I feed raw, Aunt Jeni. I don't know if it is available where you are. For training treats I usually use either cooked chicken breast or cooked pork tenderloin. I have a toy too and I cut it into very tiny pieces and then give only a tiny morsel. I treat often but if you look at the amount of food it is small. I like the chicken or pork because it is high value. I have a little purse I put it into. It is not a dog purse. I bought a small purse with a handle I can latch through the loops of my pants and it has a c latch like you have on the end of the leash (sorry I can't think of the appropriate term right now). The inside of the purse is plastic so it is easy to clean. It is about the size of a wallet and it works great for me. It has a zip so I can easily access the treats. I used a dog one first but it had a draw string and my treats would fall out. I agree with Georgiapeach - I would feed kibble and raw in different meals.


----------



## sgeorge (Jul 31, 2011)

I had planned to feed the raw in different meals so that's okay.  eg. dry food for breakfast (and lunch) and then raw for dinner, mind you I'll probably be pretty flexible with it. 

There isn't a lot of choice with food in Australia. I was specifically looking at Canidae and Artemis as I knew they were better brands and are reasonably easy to find, in the Dog food review they and 5 and 6 stars, respectively. We do have Innova and Evo, although it is very hard to find. I believe the majority of dog owners over feed the lower quality brands as there simply isn't a vast range to choose from, nor is there much quality information about dog foods. All of the vets recommend Science Diet even our very trusted vet.

Thanks CT Girl, I had forgotten about the simplest kinds of treats! My only concern would be that they would go off. Probably best to cook them in small amounts then. Or to perhaps dry them out in the oven?


----------



## CT Girl (Nov 17, 2010)

I just cook small amounts.


----------



## outwest (May 1, 2011)

training treats:
I cook up ground turkey with some garlic in it very firm. I can freeze the patties and use them as I like. They cut nicely in little squares, but can get crumbly. I have two favorite store bought training treats: Stella and Chewys freeze dried raw chunks (you can cut them even smaller than they come in the bag) and Natural Balance rolls. The rolls can be cut into tiny pieces. 

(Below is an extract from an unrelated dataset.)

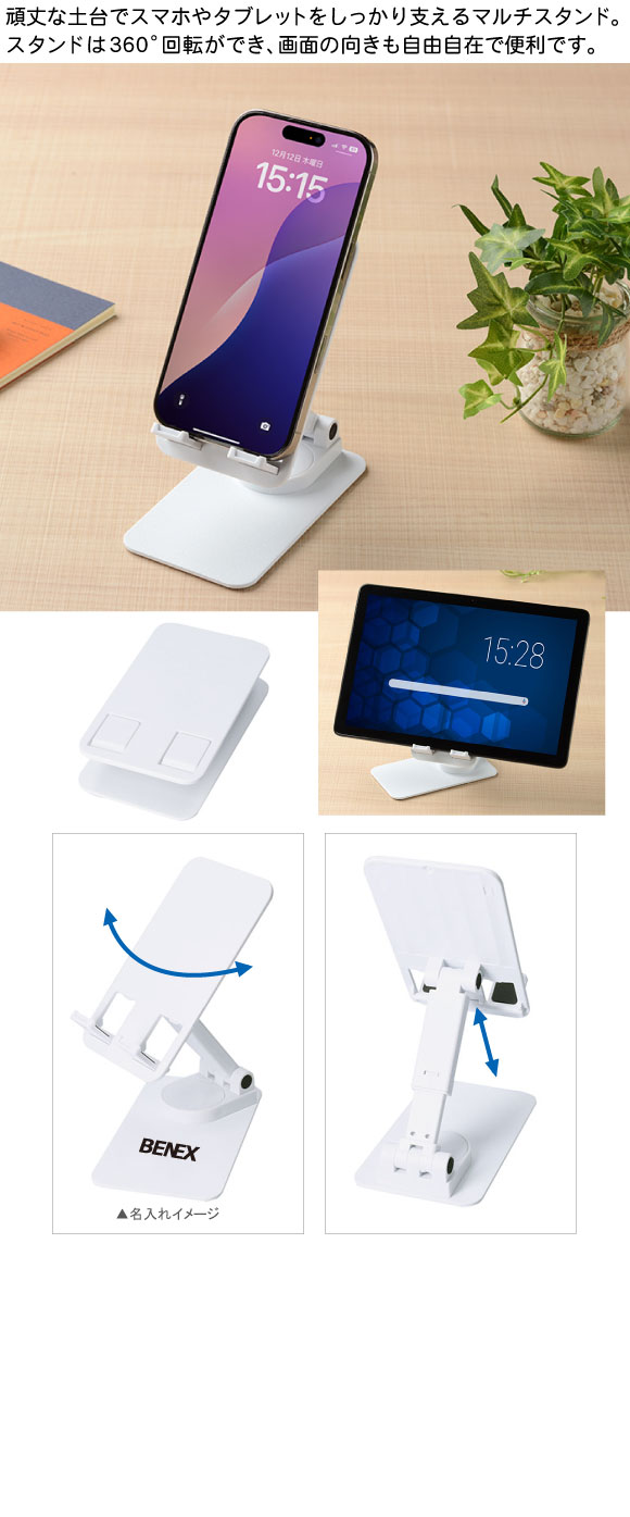 マルチモバイルスタンドは頑丈な土台でスマホやタブレットを強力に支えるマルチスタンド。360°回転式で、画面の向きも自由自在です。バッグの隙間に収まるコンパクト設計。折りたたんでコンパクトに持ち運べるため、外出先やオフィスでも便利。動画視聴やオンライン会議、デスクワークの利便性を劇的に向上させます。 ノベルティ、販促品として本体にロゴなどの名入れをすればより一層宣伝効果があります。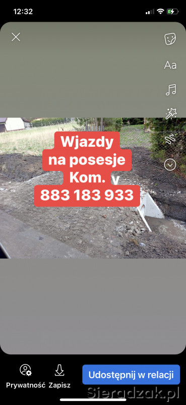 Wykonamy kompleksowo - materiał + robocizna wjazdy na posesje z rurą przejazdową oraz ściankami bocznymi kom. 883 183 933

Bonnie's favorite treats are probably the Natural Balance rolls. You can buy them in tiny rolls for around a US dollar all the way up to giant rolls. The Stella and Chewys are expensive, but they are healthy freeze dried raw. Ground turkey is cheap here (I don't know about in Australia). 

Natural Balance dog rolls
**** Van Patten's Natural Balance Dog Food Rolls
Stella and Chewy's:
Stella & Chewy's - Carnivore Crunch Treats


----------



## CharismaticMillie (Jun 16, 2010)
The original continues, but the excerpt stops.